Given entries section start

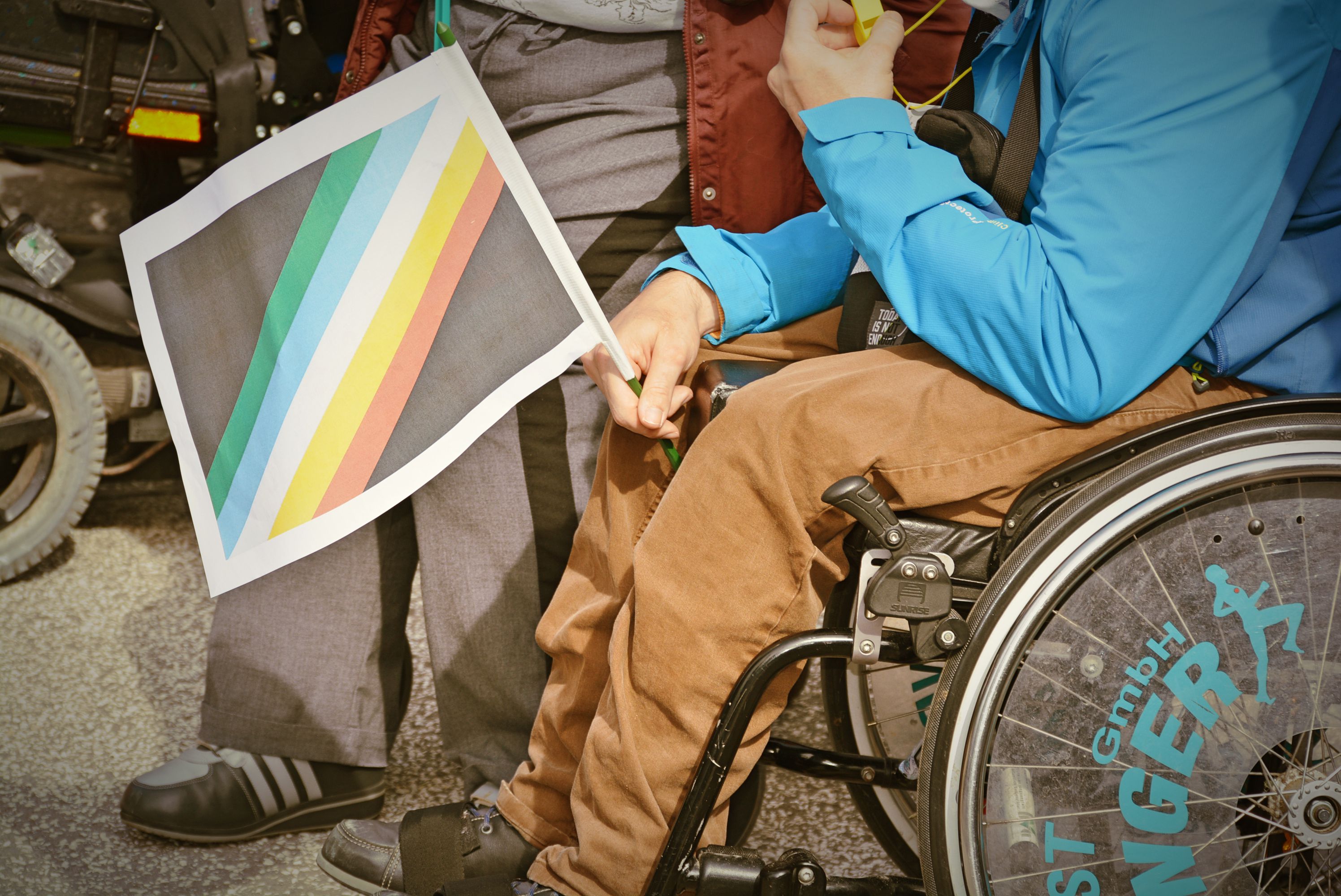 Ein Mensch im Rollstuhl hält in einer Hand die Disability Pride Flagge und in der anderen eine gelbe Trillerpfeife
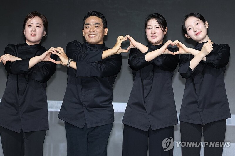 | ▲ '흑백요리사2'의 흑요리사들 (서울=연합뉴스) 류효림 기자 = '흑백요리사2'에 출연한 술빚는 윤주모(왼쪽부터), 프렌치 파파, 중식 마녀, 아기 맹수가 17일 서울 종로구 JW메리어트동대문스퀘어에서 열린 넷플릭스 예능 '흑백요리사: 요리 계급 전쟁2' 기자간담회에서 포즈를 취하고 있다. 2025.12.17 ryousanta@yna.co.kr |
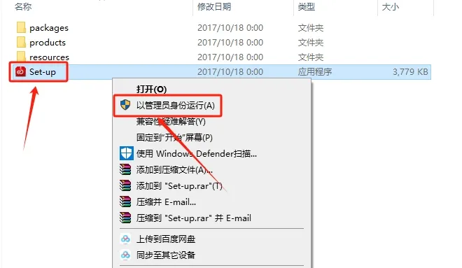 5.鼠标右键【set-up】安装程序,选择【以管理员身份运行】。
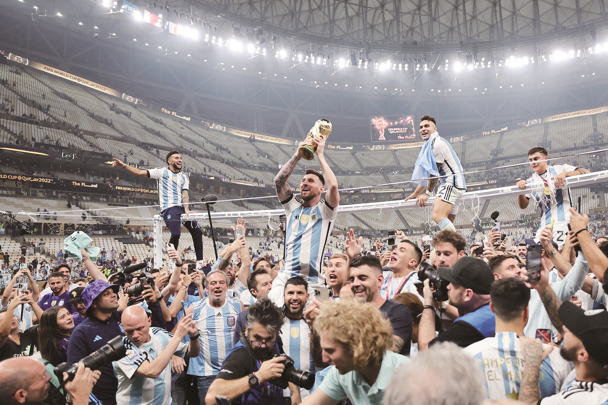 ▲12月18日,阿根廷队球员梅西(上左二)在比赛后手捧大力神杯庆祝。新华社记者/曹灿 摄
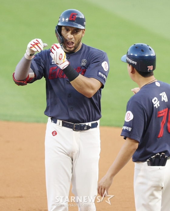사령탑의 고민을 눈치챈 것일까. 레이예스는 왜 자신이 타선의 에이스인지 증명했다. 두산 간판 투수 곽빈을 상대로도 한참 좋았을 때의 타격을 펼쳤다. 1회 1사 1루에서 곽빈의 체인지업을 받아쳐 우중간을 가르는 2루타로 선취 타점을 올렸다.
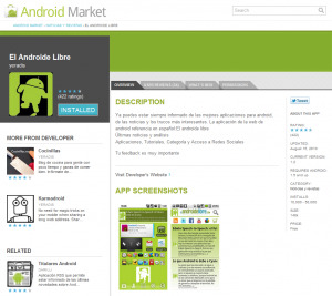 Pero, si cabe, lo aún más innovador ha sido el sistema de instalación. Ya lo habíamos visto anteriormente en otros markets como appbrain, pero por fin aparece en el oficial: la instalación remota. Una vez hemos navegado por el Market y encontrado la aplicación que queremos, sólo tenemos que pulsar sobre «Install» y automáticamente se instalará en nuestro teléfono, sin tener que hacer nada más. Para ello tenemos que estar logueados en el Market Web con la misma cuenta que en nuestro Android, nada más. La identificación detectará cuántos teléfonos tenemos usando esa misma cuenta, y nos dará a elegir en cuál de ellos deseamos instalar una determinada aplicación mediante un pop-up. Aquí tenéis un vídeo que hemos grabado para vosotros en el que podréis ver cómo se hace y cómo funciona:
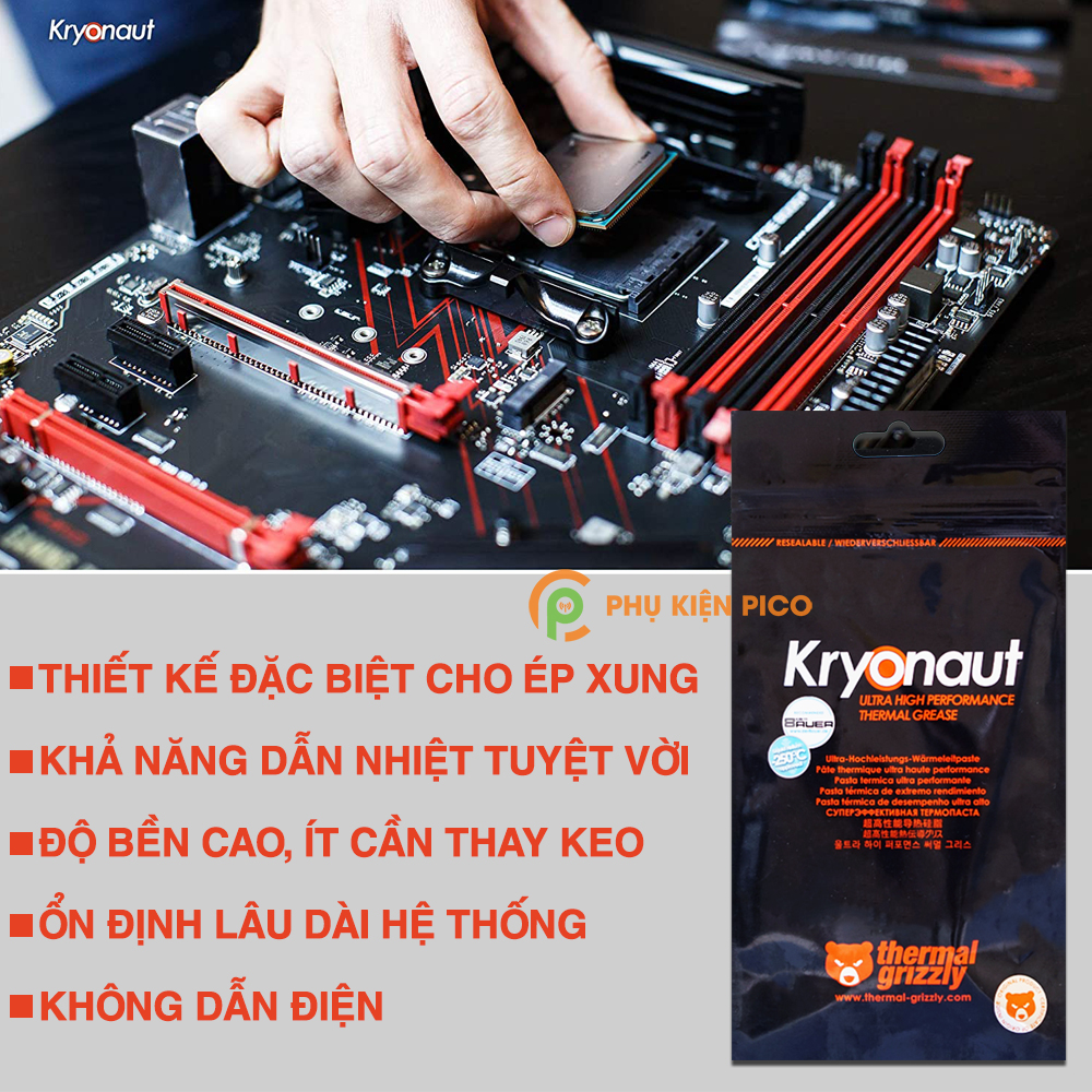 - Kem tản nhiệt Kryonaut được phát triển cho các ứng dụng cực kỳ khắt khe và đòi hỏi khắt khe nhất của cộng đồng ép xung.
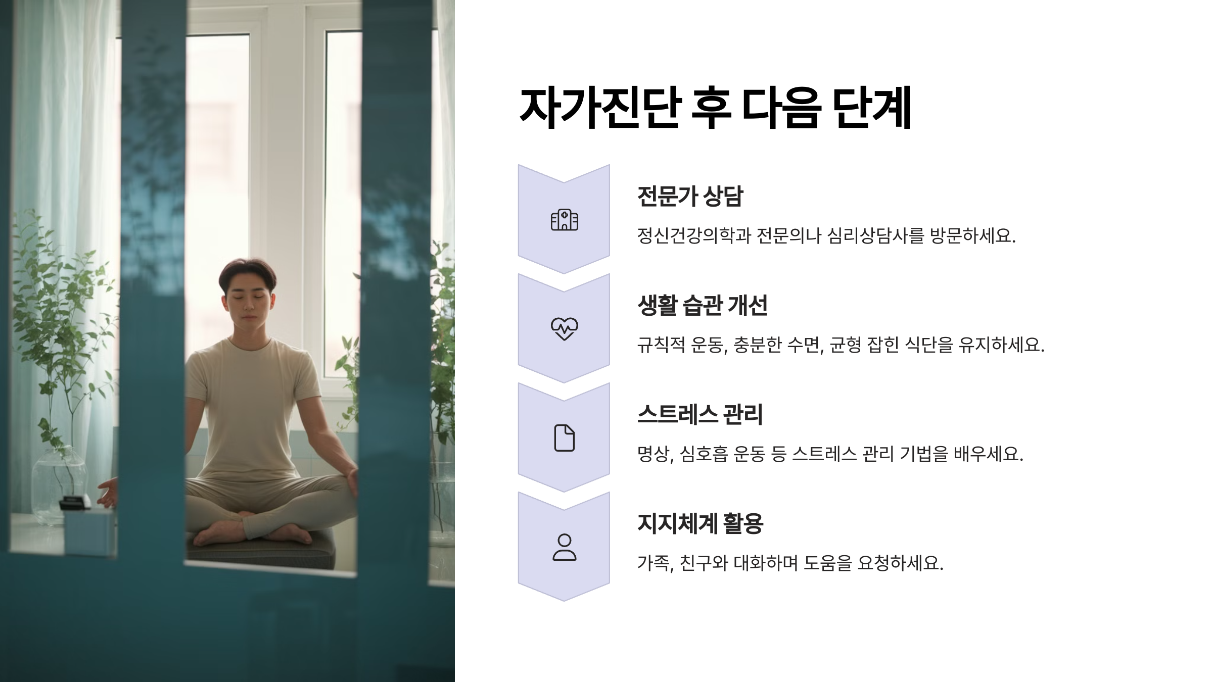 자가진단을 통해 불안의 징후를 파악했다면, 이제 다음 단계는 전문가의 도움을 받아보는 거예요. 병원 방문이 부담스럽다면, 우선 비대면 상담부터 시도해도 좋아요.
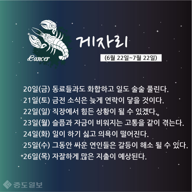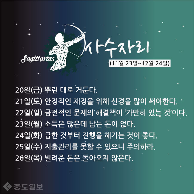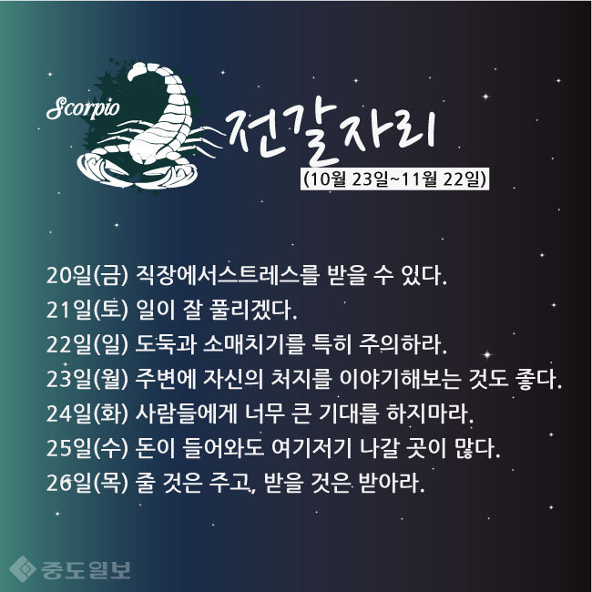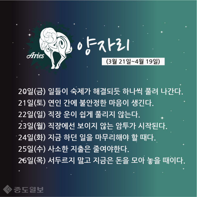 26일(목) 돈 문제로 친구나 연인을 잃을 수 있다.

Given entries section end

Your objective. From the line containing "- Kem tản nhiệt" down to the final line of the records above, restate every line word for word, add nothing, and skip the pictures.

Answer to the exercise.
 - Kem tản nhiệt Kryonaut được phát triển cho các ứng dụng cực kỳ khắt khe và đòi hỏi khắt khe nhất của cộng đồng ép xung.
 자가진단을 통해 불안의 징후를 파악했다면, 이제 다음 단계는 전문가의 도움을 받아보는 거예요. 병원 방문이 부담스럽다면, 우선 비대면 상담부터 시도해도 좋아요.
 26일(목) 돈 문제로 친구나 연인을 잃을 수 있다.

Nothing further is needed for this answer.